Дорогие братья и сёстры!
Сегодня праздник отцов шести вселенских соборов. Как мы с вами знаем, эпоха вселенских соборов – эпоха очень сложная. Не так давно, перед решением вопросов, связанных с созывом на Крите собора, который имел намерение стать всеправославным, мы с вами имели возможность говорить о сущности вселенских соборов в прошлом и настоящем. Мы говорили о том, что, с одной стороны, вселенские соборы и святые отцы сыграли в истории церкви огромную роль и им нужно всегда отдавать должное, их нужно почитать, несмотря на некоторые человеческие слабости и, может быть, даже недостатки и грехи. А их было немало в истории вселенских соборов, что и понятно, потому что вселенские соборы могли собираться только в константиновский период церковной истории, поскольку собирал их сам император. А где государство является главным инициатором церковных дел, там всегда есть свои маленькие недостатки. Так оно всегда и было. А с другой стороны, мы говорили о том, что константиновский период церковной истории всё-таки уже закончился.

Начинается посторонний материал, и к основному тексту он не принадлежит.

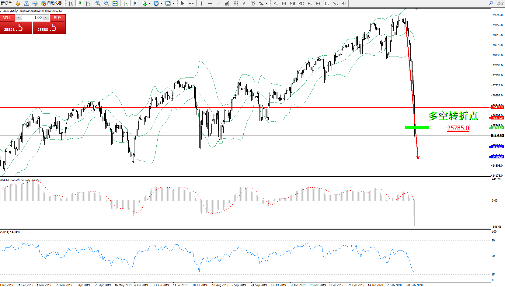道琼斯指数2月27日(周四)收盘下跌1191.60点,跌幅4.42%,报25766.03点。美股三大股指大幅收跌,道指跌超1000点;美国股市恐慌指标突破上次熊市临近时的水平,全球股市今年料继续上涨,但出现10%或更大幅度修正的可能性高,最大的风险是公共卫生事件对经济造成严重冲击。去年是股市的丰收年,调查的17大全球股指全部收高,而且只有一个股指的升幅没有达到两位数。但是今年迄今,除一个股指外,其他股指全部下跌,其中大部分跌幅都出现在过去五个交易日,因担心公共卫生事件大流行、扰乱供应链,并对全球经济产生重大冲击。公共卫生事件可能造成严重经济损害,甚至引发全球经济衰退的担忧,已经打击MSCI全球所有国家指数跌至两个半月低点,仅仅本周全球股市市值就蒸发近3万亿美元

В прошлый раз я говорил об этом, ещё не зная, как решится вопрос об участии в соборе на Крите нашей Русской православной церковью и некоторыми другими церквами. Тогда мне пришлось говорить о том, что эпоха вселенских соборов уже закончилась, поскольку закончился тот самый константиновский период церковной истории, неотъемлемым элементом которого были и вселенские соборы. Эти соборы были некоторой возможностью, предоставленной церкви на протяжении многих веков для собирания и формулирования тех истин, которые касались прежде всего нашей веры. И верно, все вселенские соборы занимались не столько вопросами организации церковной жизни, сколько вопросами веры. Они собирались прежде всего в связи с вызовами тех или иных опасных учений, которые были на грани с еретическими или даже за этой гранью. И мы это, конечно, знаем, помним. Мы помним, как святым отцам удалось включить сокровищницу эллинистической, онтологической и вообще философской мысли в христианский контекст, как тем самым им удалось сформулировать многие догматы. Получилось несколько сложновато, иногда трудновато, но тем не менее это было очень полезно для церкви, потому что эти догматы держат всех в определённых границах, перейдя которые мы действительно рискуем стать неправославными, подорвать дело нашего спасения и начала новой во Христе жизни.

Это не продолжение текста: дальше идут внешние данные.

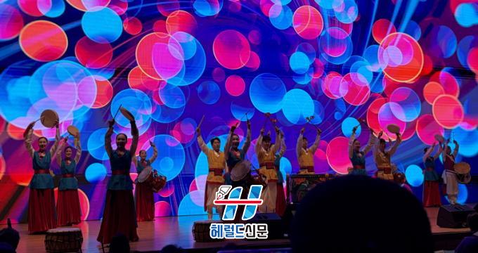 20ÀÏ ¿©¼ö ¿¢½ºÆ÷Ȧ¿¡¼ ¿¸° ±¹Á¦ÁÖ°£ °³È¸½Ä¿¡¼± ±¹¾Ç ¿¹¼ú´Ü¿ø 50¸íÀÌ ´ë±Ô¸ð·Î Ãâ¿¬ÇØ Ä¡À¯¿Í »ó»ýÀÇ ¸Þ½ÃÁö¸¦ ´ã°í ÀÖ´Â Çö´ëÀû °¨°¢ÀÇ ±¹¾Ç°ú Ÿ¹«¾ÇÀÇ Èï°Ü¿î ÆÛÆ÷¸Õ½º¸¦ ¼±º¸À̸ç Å« È£ÀÀÀ» ¾ò¾ú´Ù.

С другой стороны, догматы, конечно, слишком формализовали нашу веру, сделали её более умственной, чем разумной и сердечной. В этом тоже был определённый крен. Но на протяжении достаточно длительного времени церковь это не очень замечала. А когда в Новое время ей пришлось нести веру народам, которые не успели в издревле стать христианскими, тогда выяснилось, что проповедовать христианскую веру на языке эллинской мудрости очень трудно, а иногда даже по сути невозможно. Есть много народов, которые в принципе не принимают и не понимают такого языка. Вы им можете говорить всё что угодно о своих догматах, но это просто не их язык, не их мышление, не их опыт, не их культура, и поэтому они отторгают такого рода проповедь. Если же кто-то из них все-таки принимает нашу веру, то принимает ее скорее на основании евангельского благовестия. Евангельское благовестие тут оказывается более универсальным. Вот это удивительно! Поэтому оно и стало возрождаться, начиная с протестантского кризиса середины XVI века, с кризиса, который был неизбежен. Именно Евангелием в первую очередь занялись все христиане – и протестанты, и католики, и иногда даже православные. Евангельское слово оказалось сильнее богословского. И сейчас, когда мы хотим привить людям главные основы христианской веры, мы всё-таки начинаем не с догматов, а с Евангелия. И оглашение мы начинаем с Евангелия. И это не потому, что Евангелие проще, а потому, что в целом ряде моментов оно оказывается глубже. Хотя сразу объяснить некоторые вещи, открытые нам через Священное писание Нового Завета, бывает и трудно. Эллинистическая же мысль бывает хороша тем, что она объясняет основные вопросы веры и снимает их противоречия. Ведь духовная жизнь просто по своей природе бывает противоречивой, антиномичной, тут разум должен как бы расписаться в своей недостаточности. И всякая логика тоже. Не случайно под влиянием христианской проповеди стала развиваться так называемая неформальная логика и некоторые атрибуты современных философских учений, даже если сами они нехристианские.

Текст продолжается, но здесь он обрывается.